Former FBI Director James Comey is asking a federal judge to block a subpoena for his closed-door testimony before the House Judiciary Committee.
The committee subpoenaed Comey on Nov. 21 to appear for a deposition Dec. 3 regarding his handling of the FBI investigations into Hillary Clinton’s use of a private email server and possible collusion between the Trump campaign and Russian government.
Comey responded to the subpoena on Twitter, calling for a public hearing instead of a private interview.
His attorneys argue the subpoena request violates House rules, which they assert operate under the presumption that hearings be open to the public.
Comey’s legal team also argues that the House committees have selectively leaked details of closed-door testimony from other current and former FBI officials.
“Mr. Comey asks this Court’s intervention not to avoid giving testimony but to prevent the Joint Committee from using the pretext of a closed interview to peddle a distorted, partisan political narrative about the Clinton and Russia investigations through selective leaks,” reads a court filing submitted in federal court in Washington, D.C.

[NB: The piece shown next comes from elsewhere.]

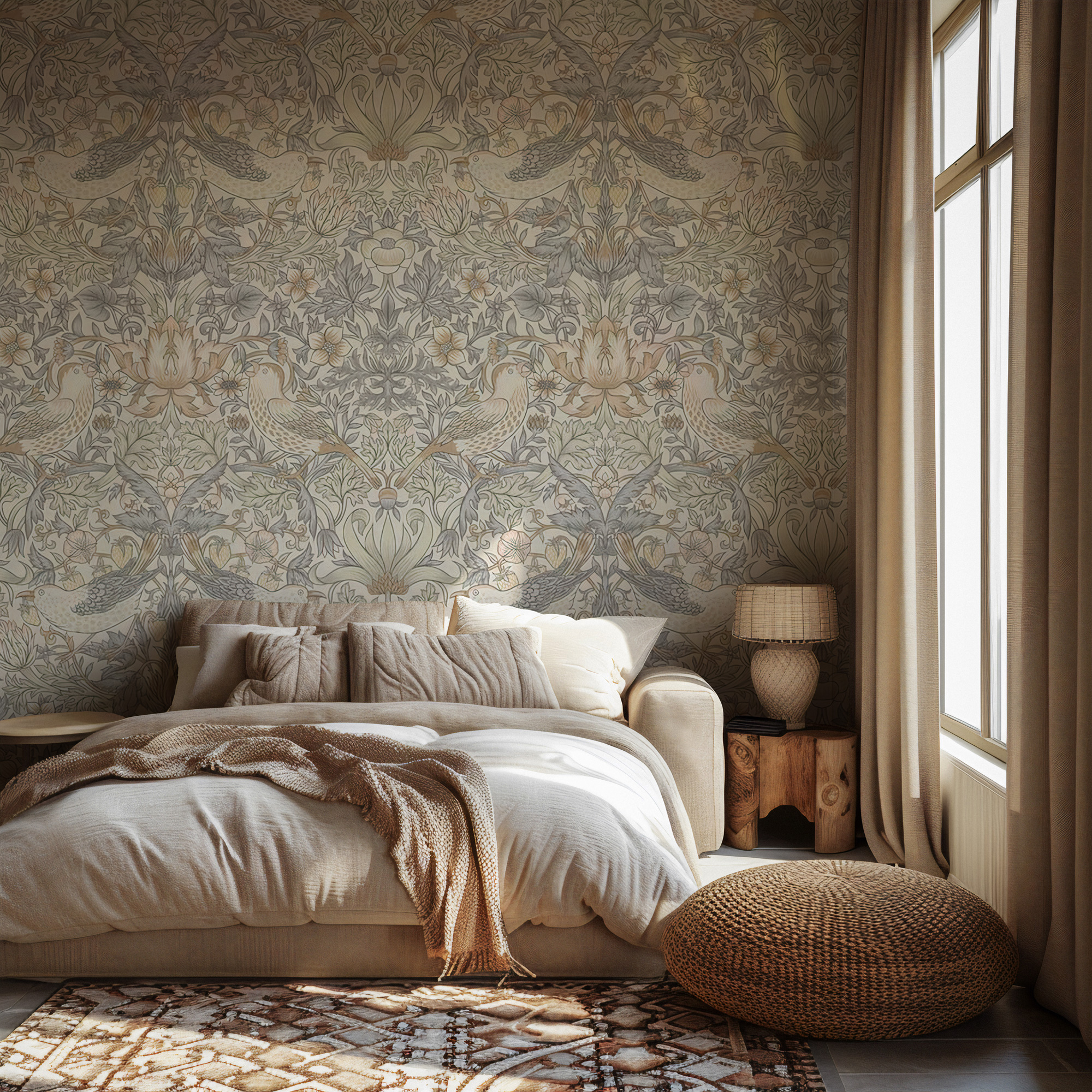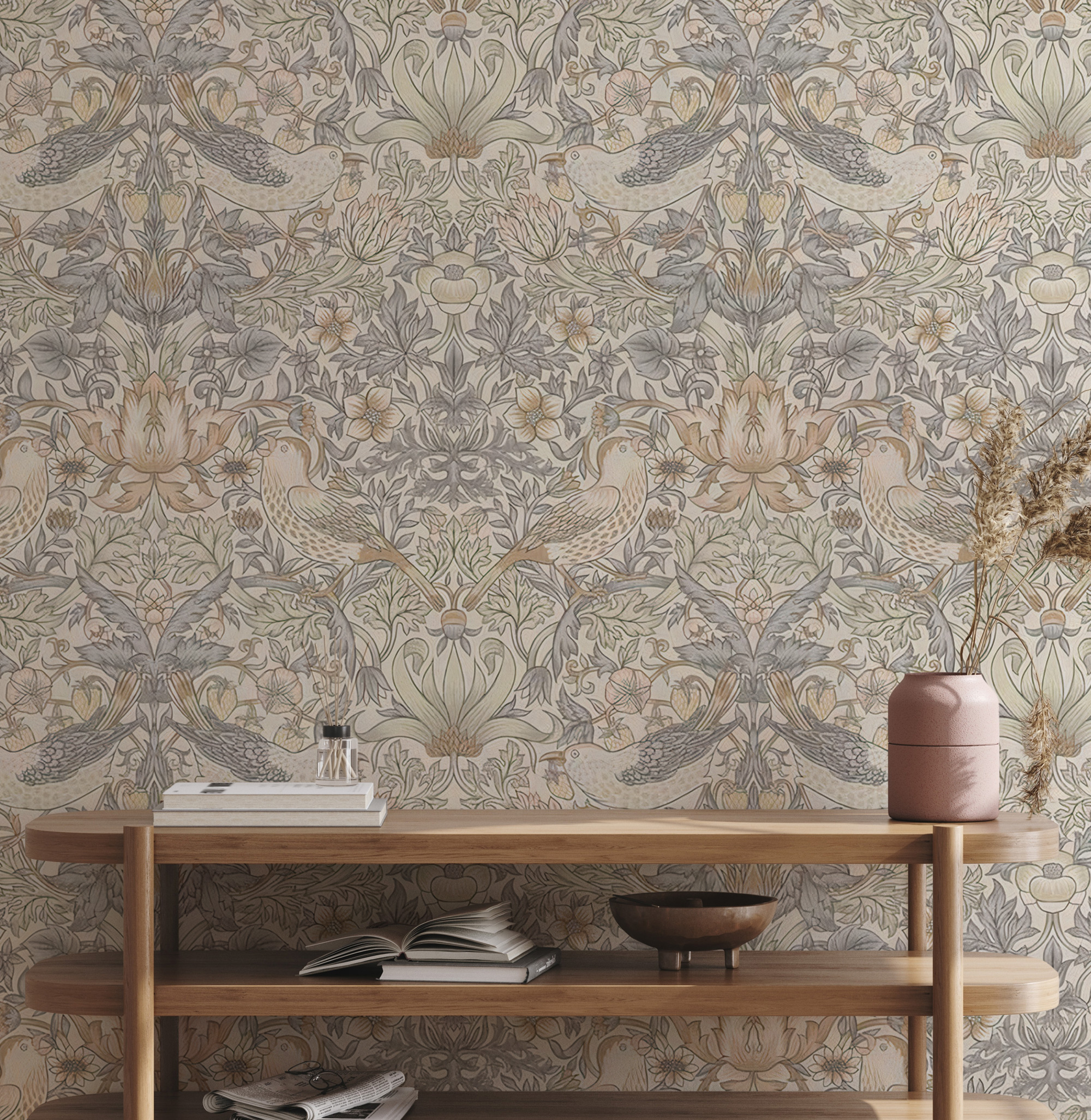 Soft Kuş ve Çiçek Desenli Vintage Duvar Kağıdı Ürün Bilgisi

The lawyers claimed House Republicans have leaked portions of testimony from former Deputy FBI Director Andrew McCabe, former FBI counterintelligence official Peter Strzok, former FBI general counsel James Baker, former FBI lawyer Lisa Page and Justice Department official Bruce Ohr.
Comey’s concerns about leaks are likely to receive little sympathy considering his own role in leaking memos from his FBI days to a personal friend, Daniel Richman. (RELATED: Comey Admits He Orchestrated Leaks To New York Times)
After he was fired by President Donald Trump on May 9, 2017, Comey gave Richman memos he wrote following conversations he had with Trump. Comey testified on June 8, 2017, that he instructed Richman to dictate summaries of the memos to The New York Times. Comey said his goal was to trigger the appointment of a special prosecutor to take over the FBI’s collusion investigation.